DATA PROVIDED >>
[Start of Attachment]
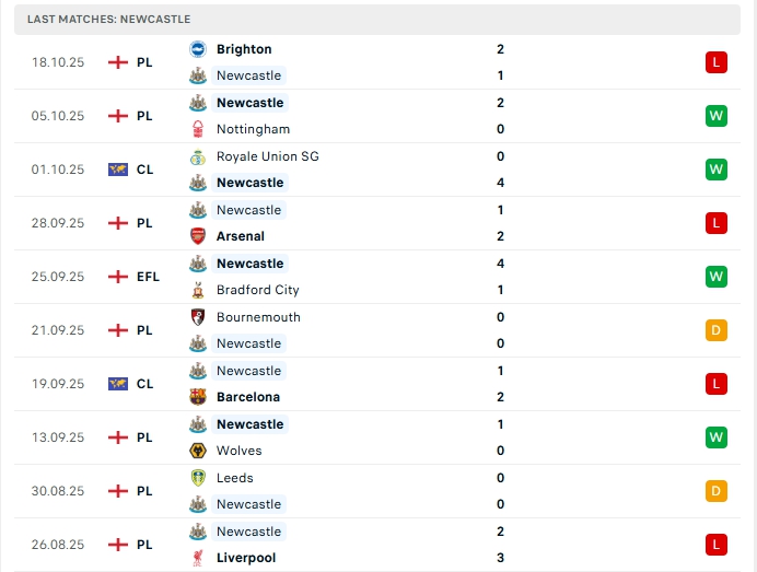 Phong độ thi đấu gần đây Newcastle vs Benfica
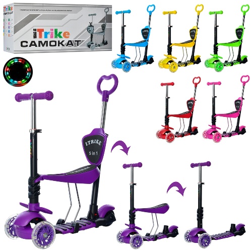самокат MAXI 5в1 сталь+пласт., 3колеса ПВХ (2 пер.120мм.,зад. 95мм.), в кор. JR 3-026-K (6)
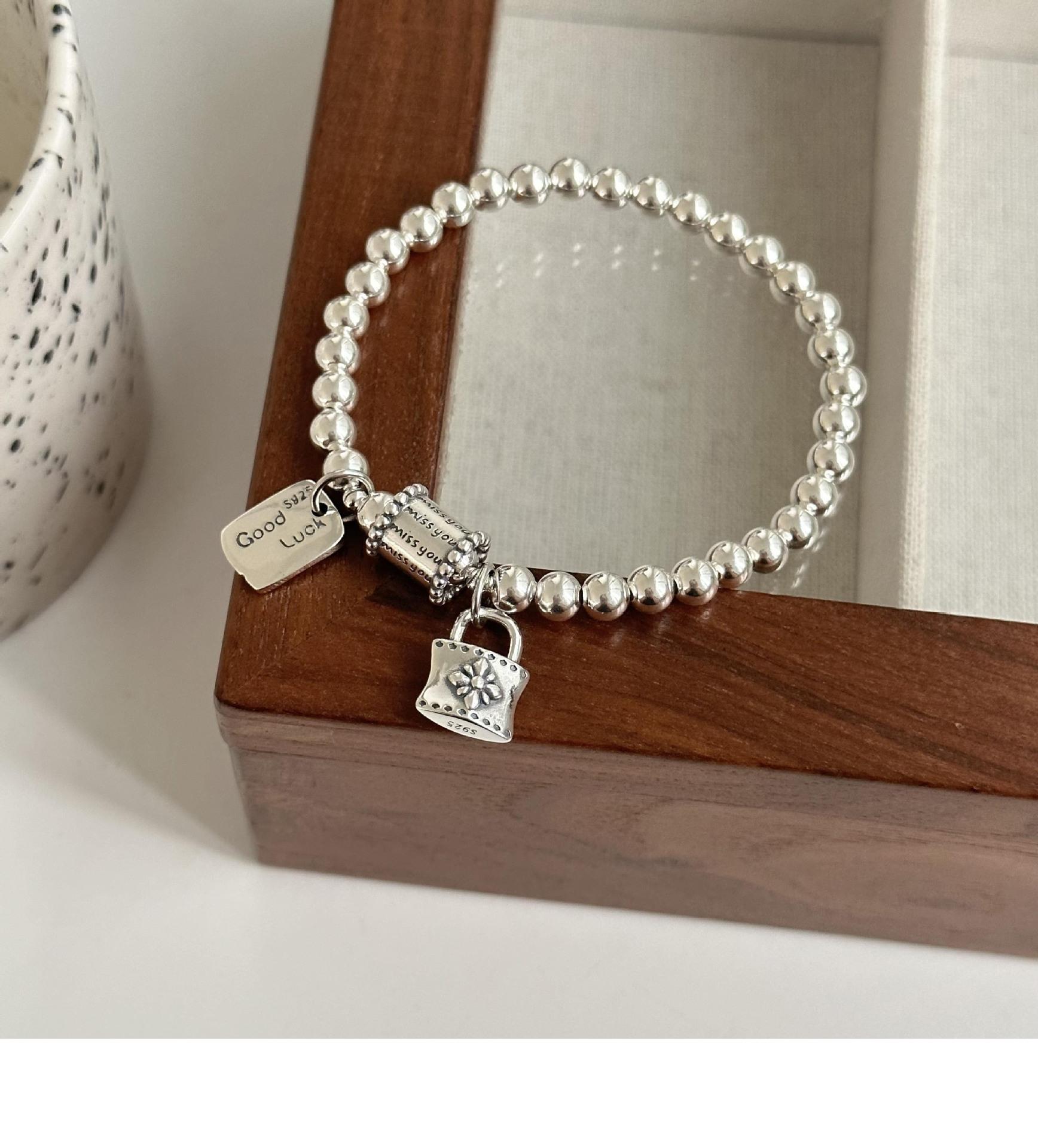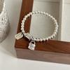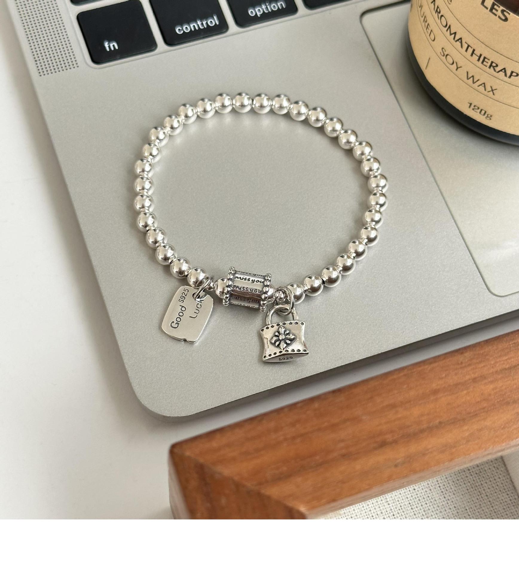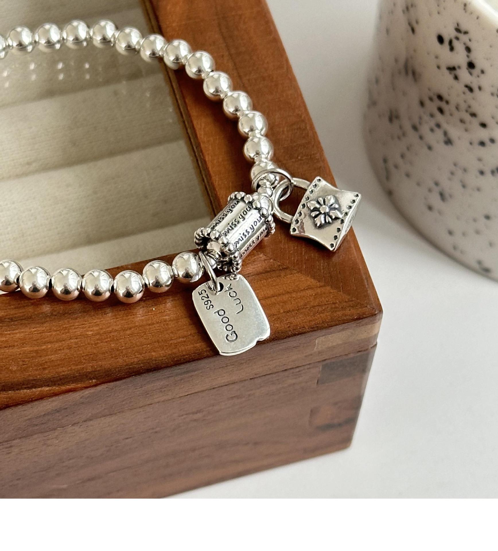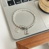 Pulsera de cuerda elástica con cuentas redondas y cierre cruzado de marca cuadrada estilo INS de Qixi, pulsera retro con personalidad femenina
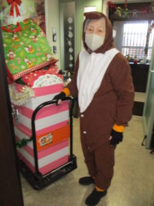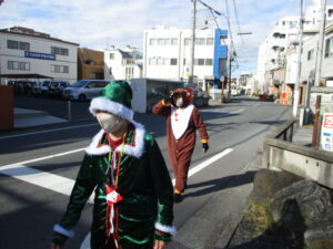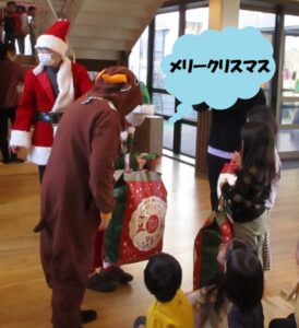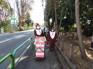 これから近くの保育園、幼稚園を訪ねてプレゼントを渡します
[End of Attachment]
GOAL OF THE EXERCISE >>
Do not include the pictures. Quote only the lines from the line with "самокат MAXI 5в1" through the end of the material, both ends included, exactly.

RESPONSE AREA >>
самокат MAXI 5в1 сталь+пласт., 3колеса ПВХ (2 пер.120мм.,зад. 95мм.), в кор. JR 3-026-K (6)
 Pulsera de cuerda elástica con cuentas redondas y cierre cruzado de marca cuadrada estilo INS de Qixi, pulsera retro con personalidad femenina
 これから近くの保育園、幼稚園を訪ねてプレゼントを渡します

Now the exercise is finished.